When Aaliyah tragically died in a plane crash in 2001 at the age of 22, she left behind family and friends — as well as a legion of fans — who are still devastated over her death. The talented singer always seemed destined for superstardom. According to Rolling Stone, she opened for her aunt, Gladys Knight, in Las Vegas at the age of 11, and recorded her first album at 14. Age Ain’t Nothing but a Number went on to sell 1 million copies, while her second album, One in a Million, sold 2 million.
In August 2001, Aaliyah was in the Bahamas filming a music video for her third album, Aaliyah. Once filming wrapped, the singer, along with seven members of her crew, boarded a Cessna 402B that crashed less than one minute after takeoff. The NTSB eventually ruled that the plane went down because it was overloaded (via Billboard).
“[Aaliyah] had an old soul,” Jomo Hankerson, Aaliyah’s cousin, said at the time of her death (via Rolling Stone). “She seemed like she was living everything in rewind, like she’d already done all of this. She had this personality that was contagious. It was never just a job when you were working with her. You always had fun. Good kid fun.”
Another person who took Aaliyah’s passing especially hard was late rapper DMX. The two had a special friendship, and DMX even named his daughter, born in 2011, after his friend, per People.

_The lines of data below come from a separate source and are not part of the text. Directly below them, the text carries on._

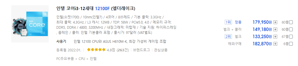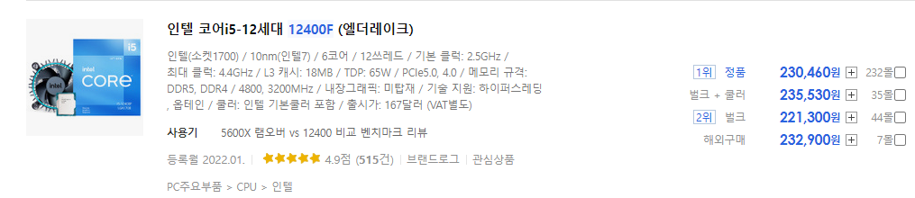 2022.02.06. 기준으로 가격 차이가 인텔 i5-12400F가 약 5만 원 더 비싼 것을 알 수 있습니다. 출시한 지 얼마 안 돼서, 인텔 i3가 출시 가에 비해 높게 잡혀 있는 것 같네요.
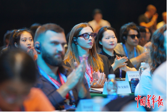 8月15日,重庆,2024年世界青年发展论坛数字发展主题论坛会场,中外青年代表聆听主旨演讲。中青报·中青网记者 李峥苨/摄
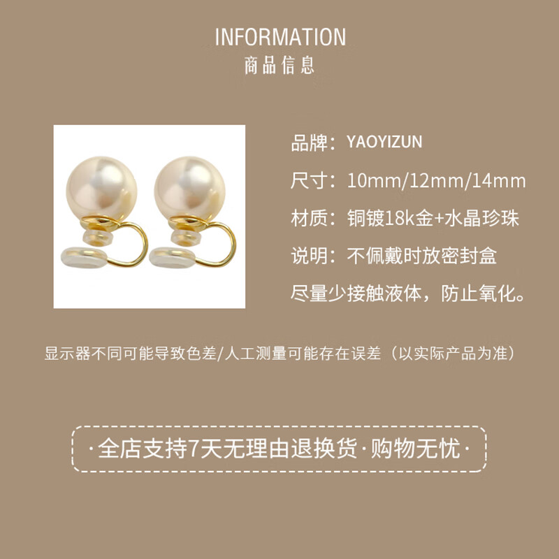 YaoYiZun Pearl Ear Clips without Piercing Women's Valentine's Day Gift Light Luxury Temperament Birthday Gift Light Luxury Earrings Pearl Ear Clips Without Piercing 14mm Double Spacer Style
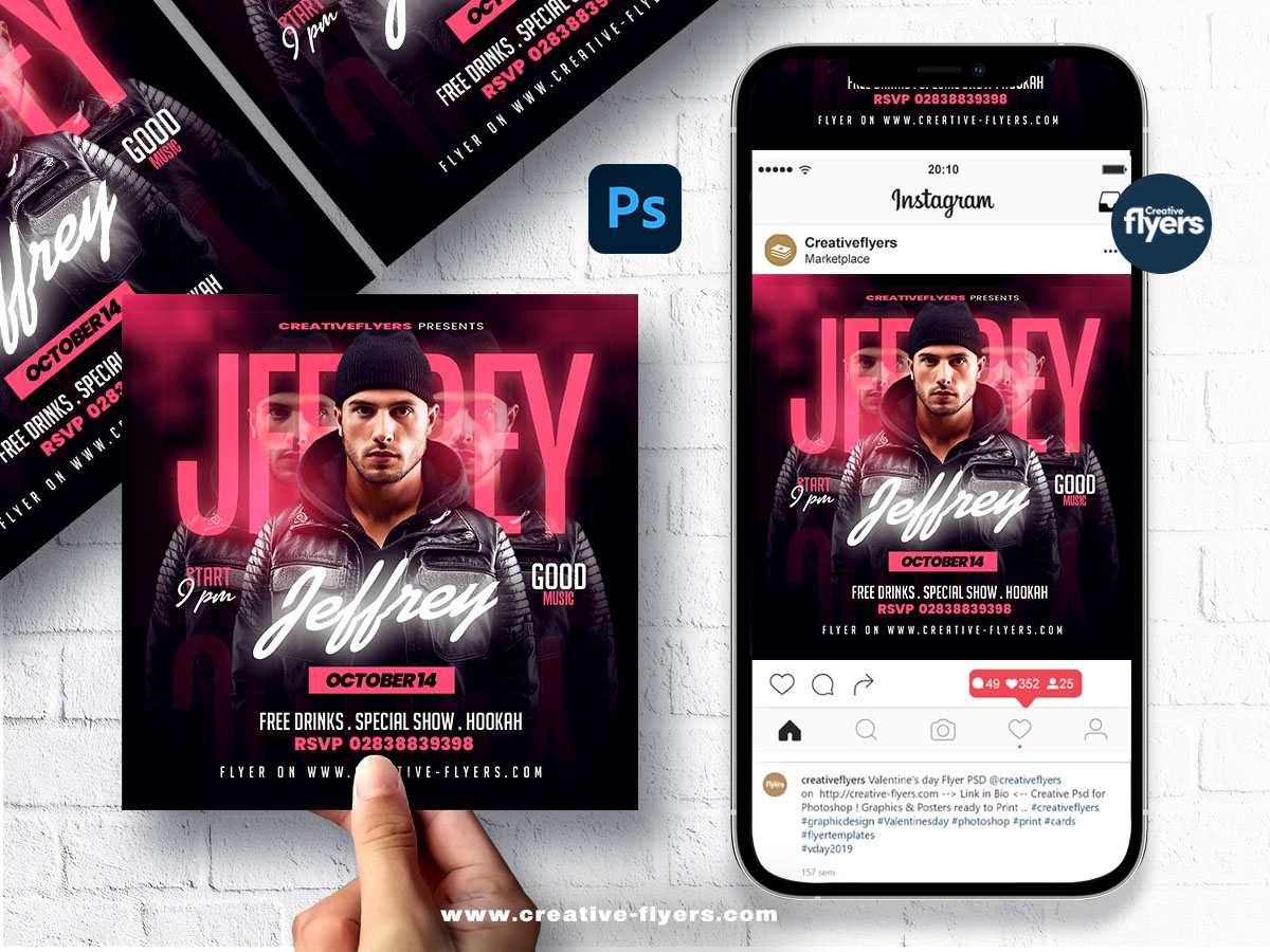 Promotional flyer with a modern and bold design. The layout features a central image of an Artist, Dj… The background is a gradient of dark colors with a large, semi-transparent text in pink, creating a layered effect. The main title is prominently displayed in a white, cursive font across the center. The overall color scheme is black, pink, and white, creating a vibrant and eye-catching design, perfect for Nightclub concerts, dj show, hip hop events or others

Aaliyah was worth millions when she died
At the time of Aaliyah’s death, she was worth an estimated $8 million, according to Celebrity Net Worth. Aaliyah was not only at the height of her singing career when she died, but she was also on the brink of movie stardom. She had already starred in two box office hits, Romeo Must Die and Queen of the Damned, and had started filming both Matrix sequels in Los Angeles before her death. Per Celebrity Net Worth, she was paid $1.5 million for Romeo Must Die, while her paycheck for Queen of the Damned was significantly more, at $5 million.
Aaliyah was so serious about her acting career that she reached out to Harold Guskin, an acting coach who has worked with Kevin Kline, Glenn Close, and Matt Dillon. The two met several times a week for six months. “We worked very seriously,” Guskin told Rolling Stone. “She was a great student. Very smart, incredibly emotionally available, and she had a wonderful imagination.”